RHONDA FLEISCHER: I’m a licensed social worker by training. Early on in my career, I worked with runaway and homeless youth, dealing with the child welfare system and working in family-based mental health.

I quickly realized that my passion had a more international focus so that’s when I began what has now been a 20-year career helping refugees in the U.S. Until I joined UNICEF a few years ago, I worked with programs largely funded by the U.S. State Department. I’m really proud of the strong tradition the United States has of welcoming refugees.

old barn, train, train tracks

Today I work out of UNICEF’s New York headquarters as the Program Specialist for Migration, focusing on the protection needs of refugee and migrant children in the United States. I also support the work in Northern Central America and Mexico, taking a route-based approach in the subregion.

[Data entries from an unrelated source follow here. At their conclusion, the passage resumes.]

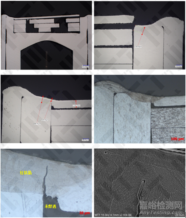 2、失效件顯微組織中晶粒為平行厚度方向的柱狀晶,且搭接根部存在未焊透現(xiàn)象。組織上的強度薄弱以及結(jié)構(gòu)上存在應(yīng)力集中,導(dǎo)致斷裂發(fā)生于此處。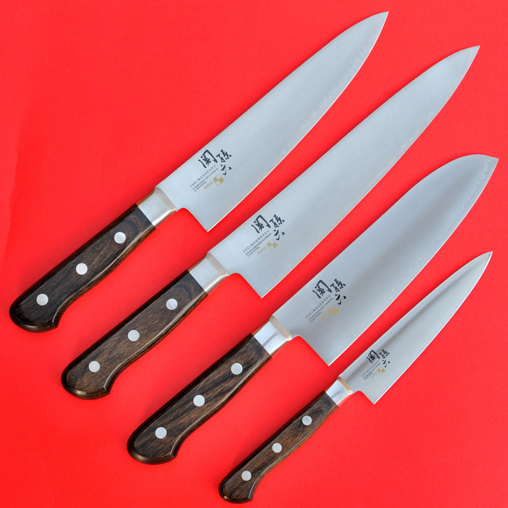 Kai Seki magoroku Conjunto de 4 facas Serie IMAYO com um belo padrão martelado. Lâmina : Molibdénio Vanádio de aço inoxidávelBotāo : Aço inoxidável Cabo : Madeira laminada reforçadaFaca do Chef AB5460 AN-5460 :Comprimento da lâmina : 210 mmComprimento do cabo : 120 mmPeso : 170 gramasFaca do Chef AB5459 AB-5459 :Comprimento da lâmina : 180 mmCo...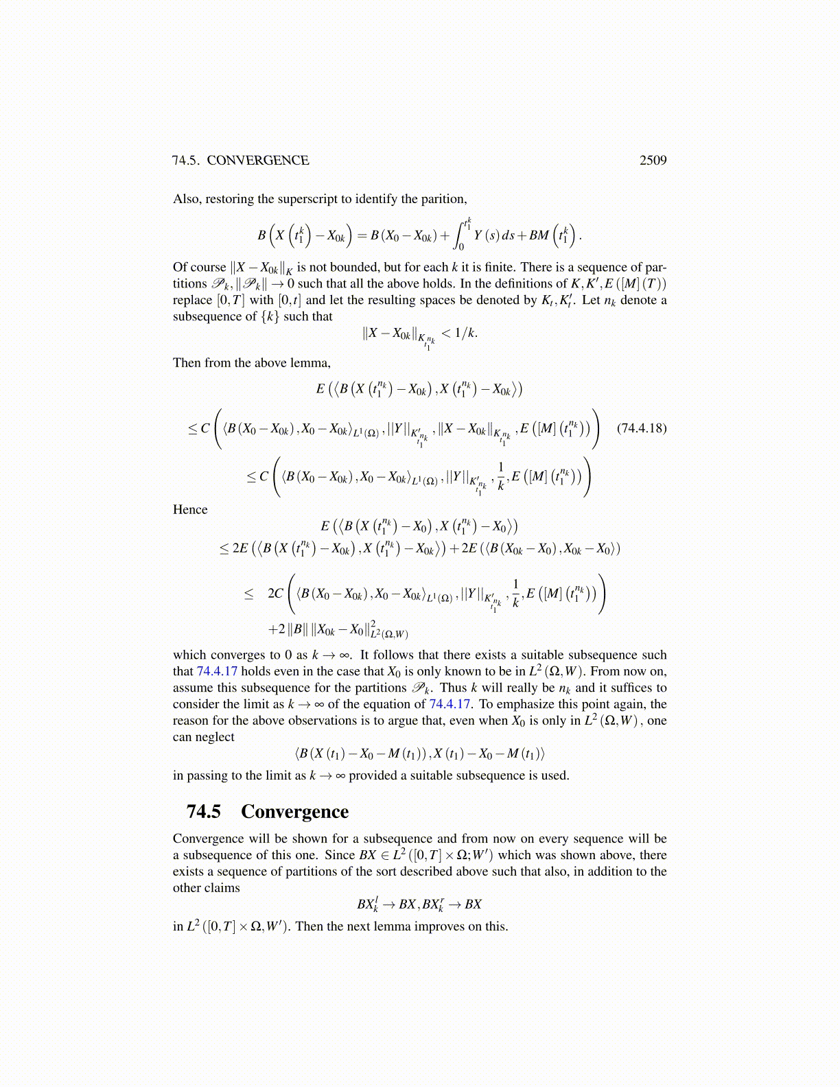 ω . Let s ∈ [0,T ] bearbitrary. I claim that if tn → s, tn ∈ D, it follows that BX (tn)→ BX (s) weakly in W ′. Ifnot, then there is a subsequence, still denoted as tn such that BX (tn)→ Y weakly in W ′ butY ̸= BX (s) . However, the continuity into V ′ means that for all v ∈V,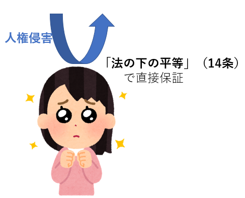 たとえば平等権侵害が起これば「法の下の平等」が私たちを直接守ってくれます。これが直接的に守られる人権のイメージです。
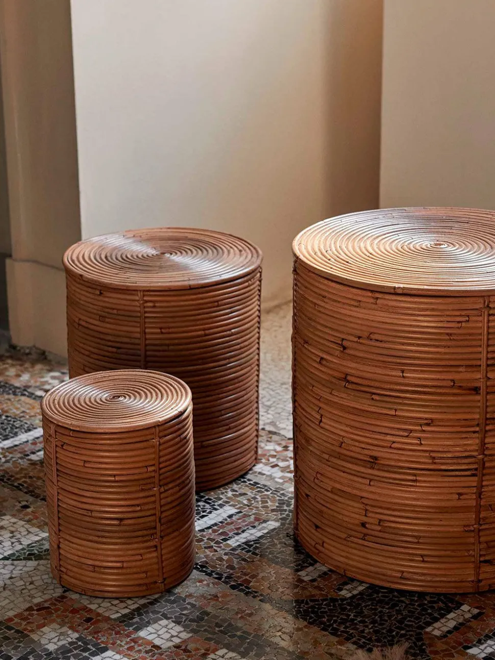 Die schöne Column Storage von ist ein perfektes Beispiel dafür, wie funktionales Design aussehen kann. Die Boxen sind aus Rattan gefertigt und in verschiedenen Höhen erhältlich, sodass sie gestapelt oder einzeln verwendet werden können. Sie sind ideal, um alles zu organisieren, von Büchern und Zeitschriften bis hin zu Kleidung und Accessoires, und ihr schlichtes und stilvolles Design passt zu jeder Einrichtung.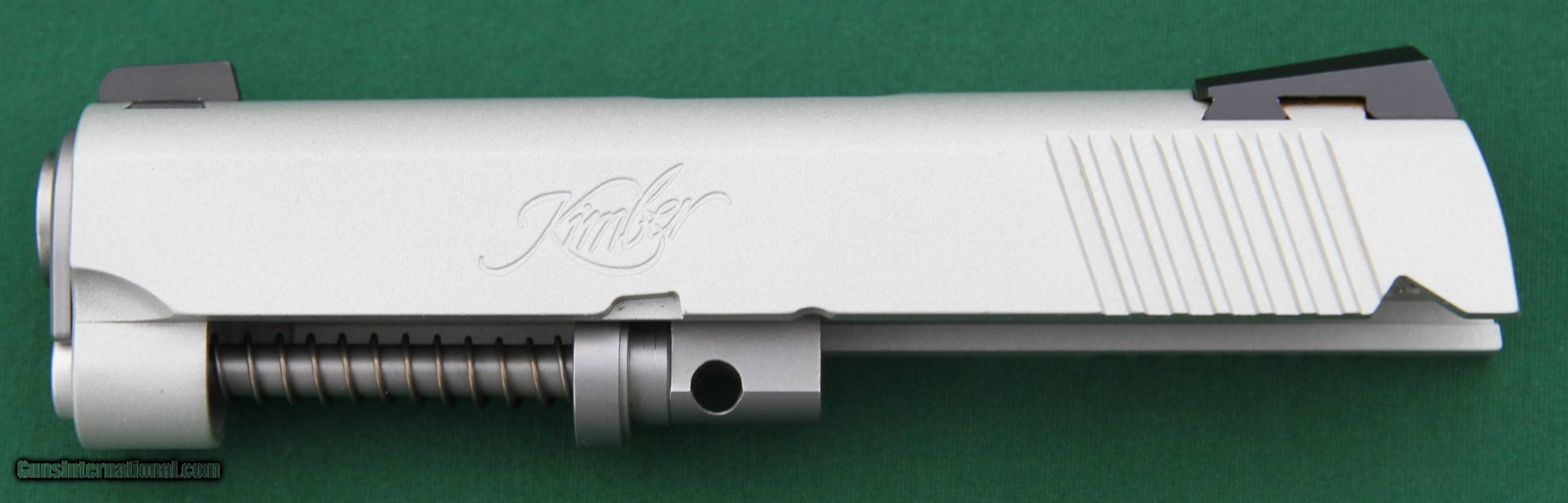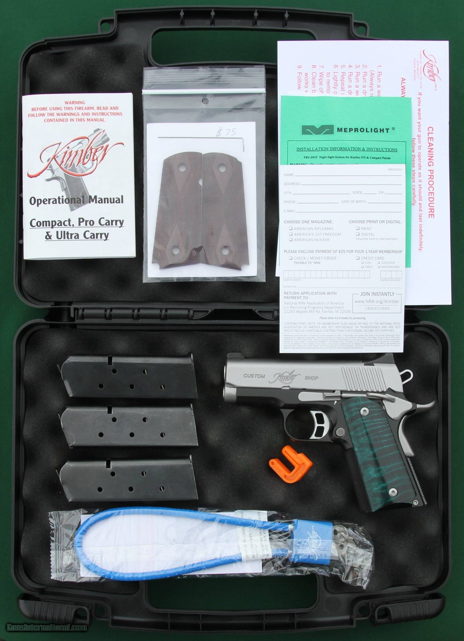 Description: Kimber Custom Ultra CDP II, 45 ACP semi-automatic pistol with: - Frame: aluminum, KimPro finishblack - 30 lines-per-inch front strap checkering - Slide: stainless steel; satin silver; KimPro II; flat top - Sights: low-profile, 3-dot tritium night sights (drift adjustable) - Grips: Galayda Made Tiger Maple (green on black) high-polished synthetic resin ambi-safety - Grips: Original Rosewood double diamond grips (unused, dismounted) round heel frame - Trigger: Solid aluminum; 4-5 lb. factory setting - Magazines: three 7-round - Capacity: 7+1 rounds - Barrel: 3-inch stainless steel with 16" twist rate; ramped - Overall length: 6.8 inches - Width: 1.5 inches (with current grips) - Height: 5 inches - Weight: 25.2 oz. (with empty magazine Per the Kimber , other features include: - Low-profile tritium night sights, flat top slide and aggressive slide serrations - Black II frame, KimPro II on slide, and small parts for added protection - Carry melt treatment rounds edges for smooth carry - 30 lines-per-inch front strap and under trigger guard checkering with high undercut trigger guard for positive grip - Flush-cut barrel The overall condition of the Kimber is 98+ percent. The stainless steel is 100 percent with no marks or other signs of wear. Black frame as three tiny nicks on the belly of the recoil rod tunnel. There is one other scratch slide lock contacts te frame. The Galayde Made grip show some handling wear, as well as a few small scratches on the bottom rear of the right grip panel. The pistol has had less than 1,000 rounds fired through it. Accessories includel original Kimber black plastic box, original rosewood double diamond grips (unused, dismounted), three 7-round magazines, one original takedown tool (in with the rosewood grips), original Operational Manual, original cleanng/lubrication card, orange plastid clear barrel indicator (CBI), NRA membership application card, Kimber authenticity-code card, Meprolight installation card, and the original cable lock (unopened). Kimber Compact Conversion Kit (.22 LR) - Complete slide with all internals, barrel, and recoil assembly - Rear sights: with set screw for windage adjustments - Front sight: dove tail for drift adjustments - Barrel Length (including chamber): 3.5 inches The overall condition of the Kimber Conversion Kit is 99+ percent. I very seldom rate any gun 100 percent that is not new-in-the-box. In fact, this slide/barrel kit has had about thirty or forty rounds fired through it. The The slide and barrel are are 100 percent with no marks or other signs of wear. Accessories includel original Kimber Conversion Kit black plastic box, two 10-round magazines (one with an extended floor plate and one with flush floor plate), an extra flush floor plate. original Owners Manual, registration car, and the original cleanng/lubrication card, The photos are high resolution, so zoom to see details. Contact me for additional photos of any areas you would like to see or see better. The buyer pays $35 for USPS Priority Mail and $23.65 insurance. The fastest way to get this gun is to pay with USPS (U.S. Postal Service) money orders, as they are like cash. I will ship the pistol immediately upon receipt of USPS money orders and an FFL. As USPS money orders are limited to $1,000, this purchase will require two USPS money orders. I will also accept a personal check and other types of money orders, as well as bank checks and cashier's checks, but I will hold the gun until it clears my bank; this includes bank checks and cashier’s checks. We do not accept credit cards, debit cards, or PayPal. Check or money order must be made out to Jerry Pownall or Barboursville Arms. If you wish to contact me, please "Email Seller". I will answer your questions, explain the purchase / transfer process, and provide my mailing address. I am available any time, except Friday evenings and Saturdays. I will return emails Saturday evening. SOLD |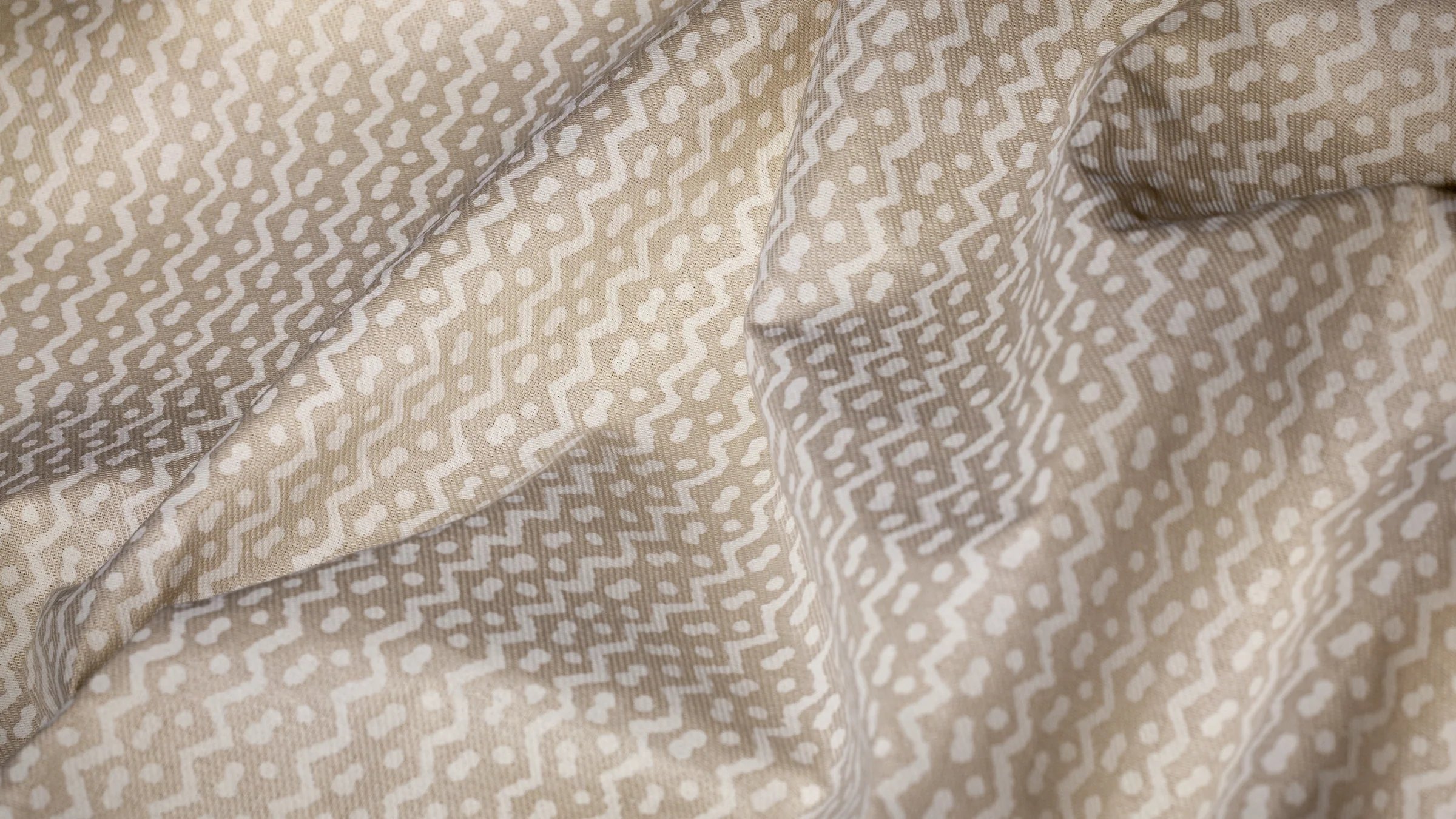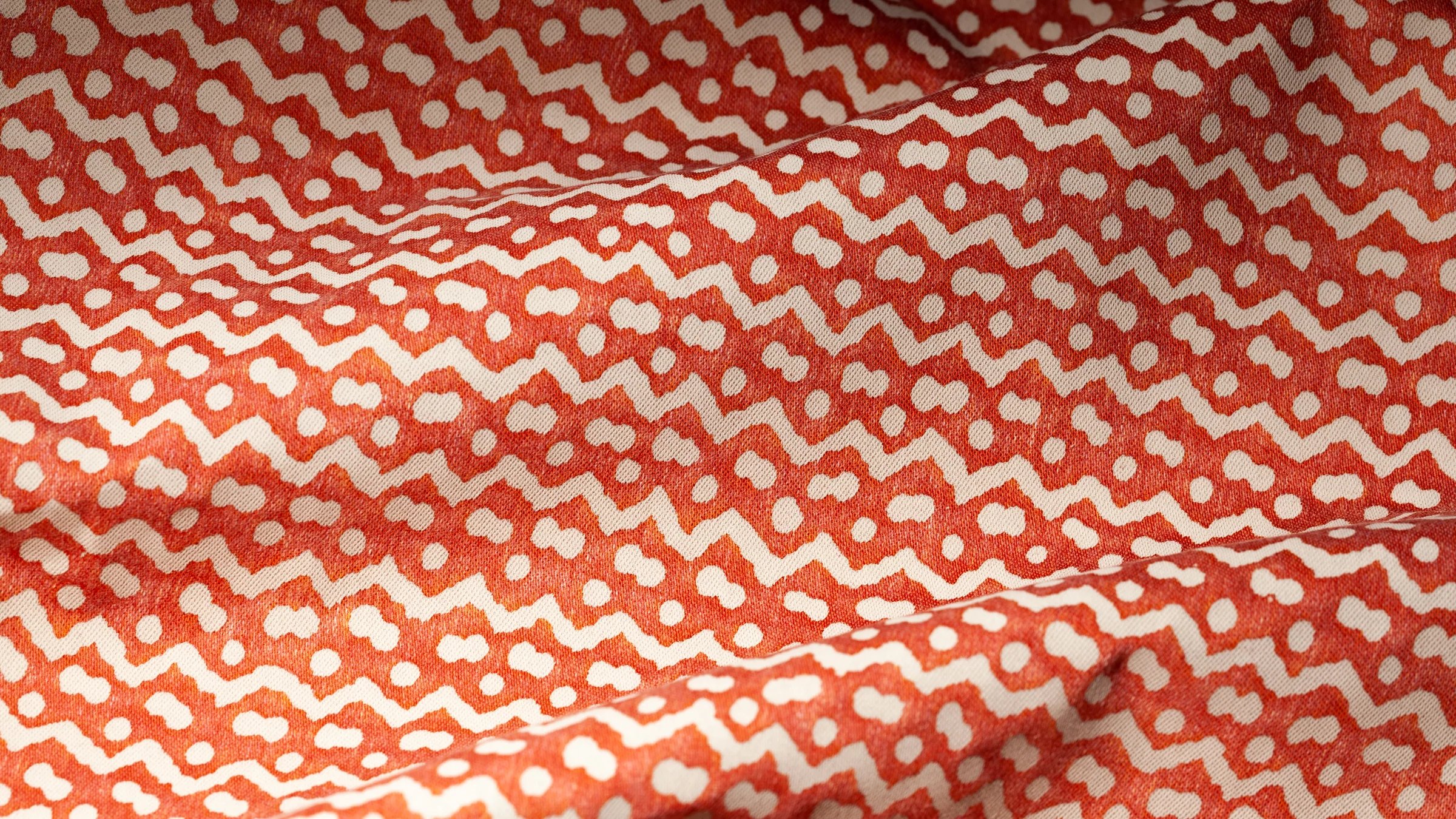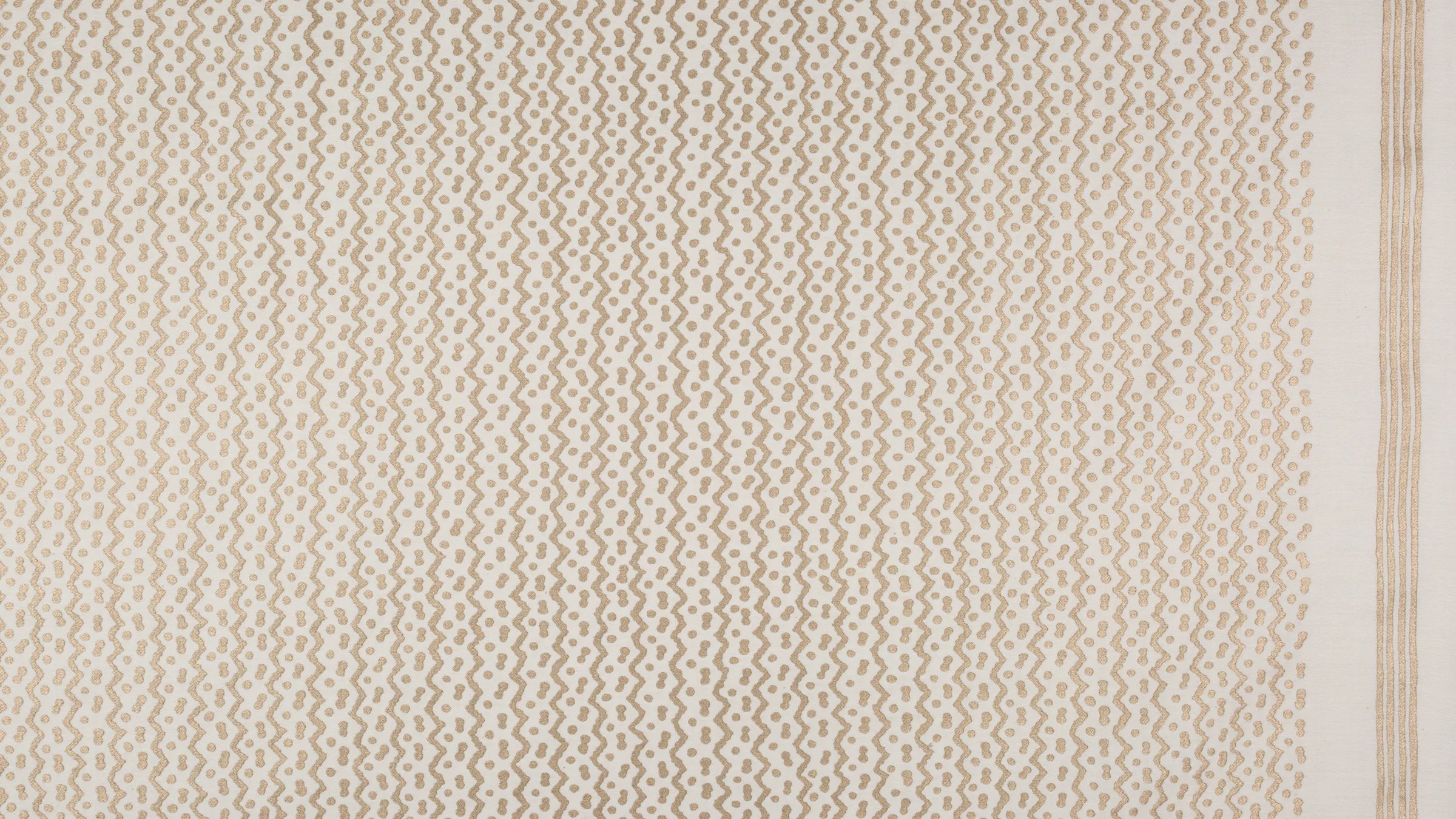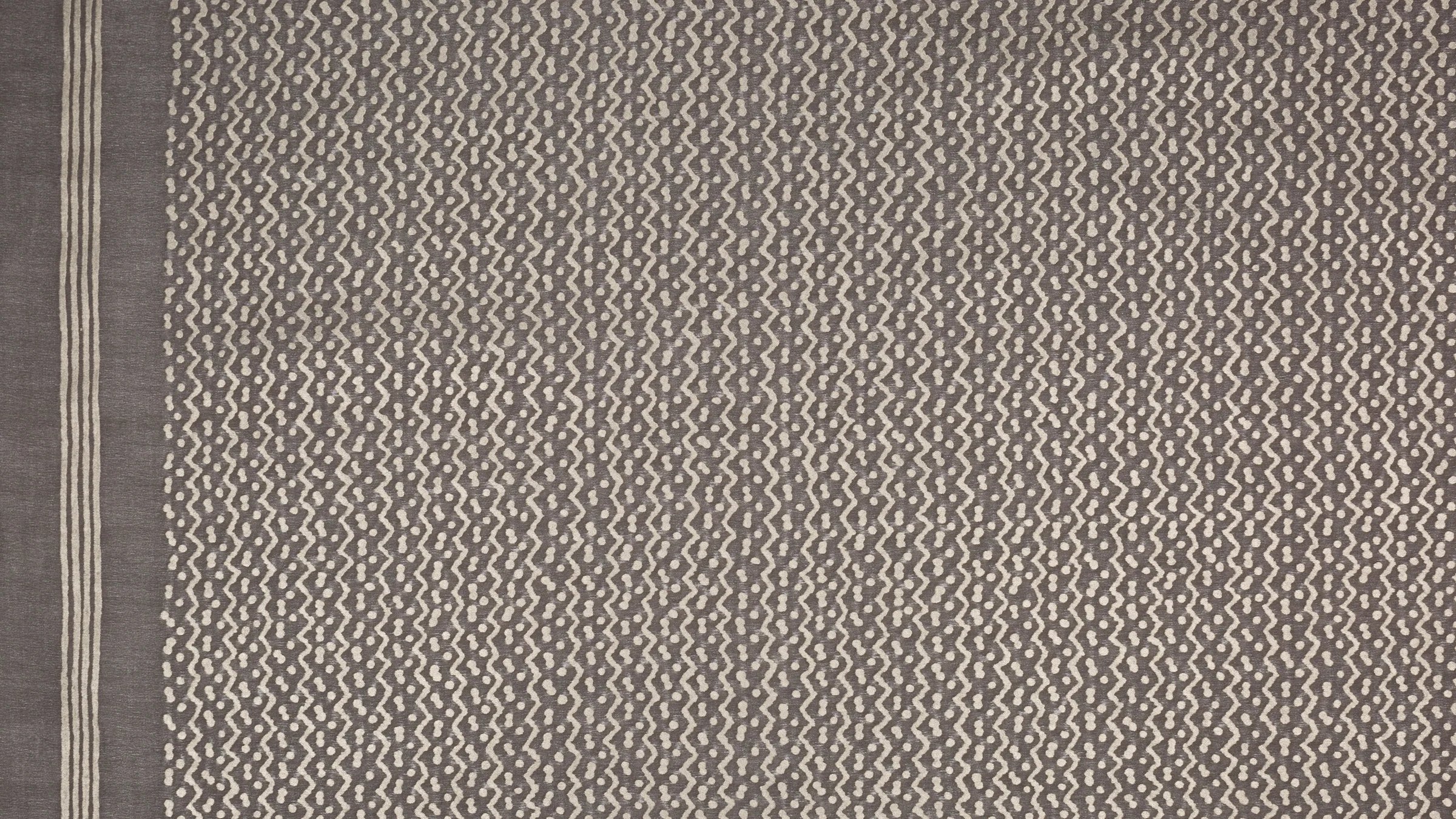 Originally made in the Pacific island nations, TAPA is a barkcloth traditionally decorated by rubbing, stenciling, or dyeing, among other techniques specific to the Tongan, Samoan, and Fijian people. The British Captain Cook first collected the cloths and brought them to the western world in the mid-18th century. In some cultures, the TAPA cloth was an important aspect of gift exchange. The simple mark-making on TAPA likely represents Leva berries (the series of dots) and the ocean’s currents (the zigzag pattern).

Let’s talk about the larger corridor. You mentioned Northern Central America and Mexico — what is the story for so many of these kids before they actually get to the United States?

RHONDA FLEISCHER: Well, we’re talking about some of the most violent places in the world. Violence is a daily reality for children in places like Honduras and Guatemala. They are forcibly recruited into gangs. They’re afraid to go to school. Girls and women are subject to gender-based violence with very little opportunity for justice and protection.

On top of all of that, families have been devastated by natural disasters — hurricanes and floods — in recent years. And now with COVID, conditions are even worse. Domestic violence, child abuse and infanticide have all skyrocketed.

The other thing that’s important to mention that’s pretty unique to this part of the world is how much this really is a family reunification issue. So many unaccompanied children who seek to come to the United States are really looking to reunite with parents or other close family members that are already living here. The violence, devastating natural disasters, poverty — these are some pretty compelling drivers that are forcing people to leave places they love and that they call home. There’s an impetus to think, ‘Well, my mother is in the U.S., and I’ve been wanting to see her for seven years now.’

So what happens once a child arrives at the U.S. border, and what is UNICEF’s role in that process?

RHONDA FLEISCHER: Generally when children or families arrive at the U.S. border, they’re detained by Customs and Border Protection. They’re supposed to spend no more than 72 hours in detention, and then be released. Families are generally either put into a family detention center or released to one of the many shelters run by community-based organizations along the southern border.

If it’s an unaccompanied child, the child is turned over to the care of a shelter within the Office of Refugee Resettlement, which is part of the U.S. Department of Health and Human Services. In that system, the government looks to identify a parent or other family member to whom they could release that child while the child’s immigration proceedings continue.

For families, there really hasn’t been a robust formal system to date, a formal family case management program or other type of option to support those families to make their way from that point at the border to the communities where they’re destined.

There is, however, an amazing, heroic bunch of volunteers and staff working with community-based organizations who have rallied to support families as they make their way into local communities and hopefully have a chance at a fair process in immigration court.

Even before the pandemic, UNICEF was concerned that policy changes had made it very, very difficult for children and families to access the U.S. border, or to seek legal pathways that would allow them to avoid the dangerous journeys to come here. And then in March 2020, more restrictions were put into place that effectively stopped asylum processing at the border for most people — and thousands and thousands of children and families were expelled without due process. Basically since COVID the U.S. has not allowed vulnerable children and families to seek protection, pushing them back into harmful situations.